To the relief of many advisor groups, the SEC will not require advisors who deduct fees and who custody their assets with third parties to submit to surprise audits. The SEC released the following chart that explains in more detail the new provisions.

To fulfill the surprise audit requirement, advisors will have to engage an independent public accountant to conduct the audit. The custody controls review must be completed by an accountant registered by the Public Company Accounting Oversight Board.

The Arrangement Surprise Exam Custody Controls Review Concern
The client assets are in the physical custody of the adviser. Yes Yes There is a heightened risk that the adviser could misappropriate assets since there is no separate custodian.
The client assets are in the custody of a custodian that is affiliated with the adviser and not operationally independent. Yes Yes There is a heightened risk that the adviser could misappropriate assets because of its affiliation with the custodian.
The client assets are in the custody of a qualified custodian that is affiliated with the adviser but operationally independent because the affiliate and adviser operate as distinct entities with no overlap of personnel, office space or common supervision. No Yes If the adviser does not have access to the client’s assets, then a surprise exam is less meaningful, but a check on the affiliated custodian’s custody controls will focus on the effectiveness of custody protections.
The assets are in the custody of an independent, third party custodian, but the adviser has authority to withdraw client funds – such as by a power of attorney. Yes No The ability to withdraw client assets, heightens the risk that an adviser could misappropriate those assets and go undetected, so the annual surprise exam will serve to verify client assets.
The assets are in the custody of an independent, third party custodian and the adviser either has no control over the funds or merely has the authority to withdraw agreed-upon fees. No No There is no indication at this time that this type of arrangement has resulted in fraud that would warrant additional safeguards.

The decision of the SEC to back down on subjecting RIAs to surprise audits if assets are in the custody of an independent, third party custodian shows that it was not prepared to handle the backlash, according to Ross Albert, partner with Morris, Manning & Martin, which performs securities law from Atlanta.

“They have chits and political capital to play like anybody else and this was a battle they chose to avoid,” he says. “They want to keep their powder dry for other things higher on their wish list.”

Indeed, had the SEC pressed for surprise audits, it would have been like declaring war on RIAs, according to Zachary Gronich, president of New York-based RIA-In-A-Box, which helps advisors with compliance matters.

'I’d be nuclear’

“It’s a good idea if you can pull it off,” he says. “But from a practical standpoint, it’s darn near impossible. If I were an RIA, I’d be nuclear.”

The biggest problem is that the surprise audits were going to cost anywhere from $3,000 to $9,000 because they take up about two days of a CPA’s time. RIAs were going to be furious if the costs were foisted onto them.

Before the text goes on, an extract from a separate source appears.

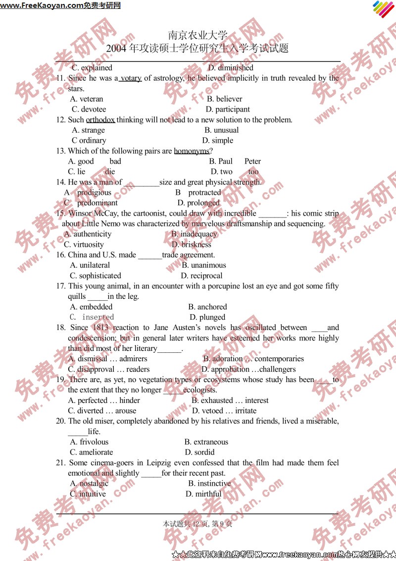 专业课考研经验 本站小编 FreeKaoyan 2018-01-23南京农业大学2004年考研真题-俄语二外

Yet another issue was that surprise audits have an arch-aggression ring to them that the SEC is hoping to avoid.

“I have sympathy for the agency,” Albert says. “They are also blamed for being overzealous” at the same time as they are being blamed for not having been zealous enough regarding Bernie Madoff.

The bottom line is that the SEC acted in a responsible fashion, according to Ron Rhoades, director of research for Florida-based Joseph Capital Management.

“I think the SEC, overall, took a very balanced and well-reasoned approach to enhancing protections for the clients of registered investment advisers, including hedge funds,” he says. “It was noted several times by various Commissioners and SEC Division of Investment Management staff that the comment letters submitted by RIAs provided important, and constructive, feedback to the policymakers. However, this “Madoff Fix” has not, as Commissioner Aguilar correctly noted, addressed the problem of fraud in broker-dealer firms — which is what happened with Madoff, for nearly two decades, before he even registered as an RIA in 2006. I am concerned that Commissioner Aguilar’s call for tighter review of broker-dealer safeguards – that such a review be a “high priority” for the SEC and urgently addressed – may go unheeded.”

He adds: “As did other organizations, NAPFA pointed in its comment letter to the SEC that the surprise inspection requirement imposition, as to firms which deducted fees from client accounts, has never been a source of fraud..”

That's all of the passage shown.